Land 2024, 13(11), 1755; https://doi.org/10.3390/land13111755
Submission received: 20 September 2024 / Revised: 23 October 2024 / Accepted: 24 October 2024 / Published: 25 October 2024
(This article belongs to the Special Issue Dynamics of Urbanization and Ecosystem Services Provision II)

Abstract

:
Rapid urbanization has affected ecosystem stability, and the construction of ecological security patterns (ESPs) can rationally allocate resources and achieve ecological protection. Priority evaluation of critical areas can maximize the benefits of ecological protection, which is crucial for sustainable urban development. However, most prior studies have focused on assessing individual elements of the ESP, rarely considering both the protection priority of ecological sources and corridors.
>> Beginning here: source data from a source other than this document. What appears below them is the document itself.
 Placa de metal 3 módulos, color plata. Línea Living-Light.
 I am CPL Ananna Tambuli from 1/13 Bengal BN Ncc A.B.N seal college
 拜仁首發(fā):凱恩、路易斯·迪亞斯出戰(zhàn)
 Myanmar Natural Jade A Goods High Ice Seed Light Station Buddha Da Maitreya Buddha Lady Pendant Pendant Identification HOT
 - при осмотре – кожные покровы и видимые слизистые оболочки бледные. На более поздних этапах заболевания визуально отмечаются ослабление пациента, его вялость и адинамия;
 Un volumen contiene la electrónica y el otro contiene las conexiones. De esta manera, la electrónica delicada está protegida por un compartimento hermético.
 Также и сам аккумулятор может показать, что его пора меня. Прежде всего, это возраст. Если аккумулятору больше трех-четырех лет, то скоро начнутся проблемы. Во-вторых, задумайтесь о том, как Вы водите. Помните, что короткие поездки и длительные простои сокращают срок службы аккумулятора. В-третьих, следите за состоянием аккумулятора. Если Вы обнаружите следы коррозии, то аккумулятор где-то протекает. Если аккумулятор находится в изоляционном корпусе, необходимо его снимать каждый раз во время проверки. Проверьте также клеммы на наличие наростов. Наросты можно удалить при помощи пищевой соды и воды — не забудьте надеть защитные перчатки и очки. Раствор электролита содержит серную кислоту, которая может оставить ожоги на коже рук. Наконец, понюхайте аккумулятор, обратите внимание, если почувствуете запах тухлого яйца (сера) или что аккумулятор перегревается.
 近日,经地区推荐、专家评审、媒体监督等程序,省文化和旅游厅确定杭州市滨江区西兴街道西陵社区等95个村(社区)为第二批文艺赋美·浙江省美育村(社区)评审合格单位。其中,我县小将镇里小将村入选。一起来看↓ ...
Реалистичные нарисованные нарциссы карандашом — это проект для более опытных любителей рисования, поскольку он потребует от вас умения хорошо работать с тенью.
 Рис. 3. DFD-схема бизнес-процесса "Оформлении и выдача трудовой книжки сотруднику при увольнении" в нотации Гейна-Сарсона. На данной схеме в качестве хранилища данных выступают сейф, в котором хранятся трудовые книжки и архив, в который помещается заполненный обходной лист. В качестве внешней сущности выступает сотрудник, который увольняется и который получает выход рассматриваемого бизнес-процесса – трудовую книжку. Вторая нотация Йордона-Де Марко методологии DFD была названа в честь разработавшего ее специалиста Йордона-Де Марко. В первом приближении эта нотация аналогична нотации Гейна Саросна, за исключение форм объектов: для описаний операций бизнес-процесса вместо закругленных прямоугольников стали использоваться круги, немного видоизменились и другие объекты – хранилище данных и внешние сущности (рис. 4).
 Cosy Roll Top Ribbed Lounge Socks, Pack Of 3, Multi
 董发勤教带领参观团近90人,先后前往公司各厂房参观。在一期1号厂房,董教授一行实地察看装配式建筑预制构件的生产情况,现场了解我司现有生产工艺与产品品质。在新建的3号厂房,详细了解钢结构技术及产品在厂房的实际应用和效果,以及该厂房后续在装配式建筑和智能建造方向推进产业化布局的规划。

We constructed ESPs for the Wuhan Metropolitan Area (WMA) from 2000 to 2020 and evaluated the priority of ecological sources and corridors for protection. The findings indicated that high-level ecological sources exhibited higher overall landscape connectivity and ecosystem service values with lower patch fragmentation. The average area proportions of primary, secondary, and tertiary ecological sources in 2000, 2010, and 2020 were 41.11%, 23.03%, and 29.86%, respectively. High-level ecological corridors had shorter lengths and offered higher comprehensive ecosystem service values. The total length of secondary corridors exceeded that of primary corridors by 1951.19 km, 650.39 km, and 2238.18 km in 2000, 2010, and 2020, respectively. Primary corridors, which connected fragmented and isolated sources, should have their ecological land percentage increased to enhance connectivity. Secondary corridors connected two independent and distant sources, providing the basis for ecological protection in the intervening area, whose surrounding habitats should be protected. This study identifies the ecological protection priority and offers a theoretical basis and practical reference for balancing urban development with ecological protection.

1. Introduction

Rapid urbanization and irrational human activity have affected ecosystem stability and seriously threatened regional ecological security [1]. Ecological problems such as environmental degradation, soil erosion, and increased landscape fragmentation are becoming increasingly prominent [2,3]. Constructing an ecological security pattern (ESP) and enhancing ecological management and protection have remained pivotal approaches to balancing regional development and ecological security [4,5]. However, inevitable conflict exists between urban development and ecological protection, and prioritizing ecological security at the expense of economic growth may not represent an optimal solution. Therefore, effectively allocating resources to maximize ecological security within limited constraints has become a focus in the discourse on urban sustainable development.
ESP refers to a spatial configuration consisting of patches and key locations that are essential for critical ecological processes and ecosystem services [6,7]. Its primary goal is to identify critical areas for ecological security and to optimize the spatial arrangement of ecosystem components through targeted human interventions to enhance regional ecosystem resilience [8]. Constructing and optimizing ESPs can effectively promote ecological connectivity and maintain ecosystem stability, playing a crucial role in regional environmental protection [9,10]. Currently, the widely accepted framework for regional ESP identification involves “ecological sources determination—resistance surface creation—corridors identification” [11,12].
Ecological sources represent the key sites essential to regional ecological functions and processes [13,14]. Two main techniques exist for identifying ecological sources, the first step of ESP construction. Large-scale habitat patches like forests and grasslands, or nature reserves and scenic spots, are chosen as ecological sources by the first technique, direct identification. Despite being relatively convenient, this approach ignores the internal differences in land-use types and changes in ecosystem services, greatly influenced by human subjectivity [15,16]. Another is the indirect identification method, which creates an extensive index system of evaluation considering factors such as ecosystem service function and ecological sensitivity [17,18]. This approach is more comprehensive and objective but more complex and may be affected by trade-offs in ecosystem services [19,20]. Each of these methods has its advantages and disadvantages and should be chosen based on the specific conditions of the research area.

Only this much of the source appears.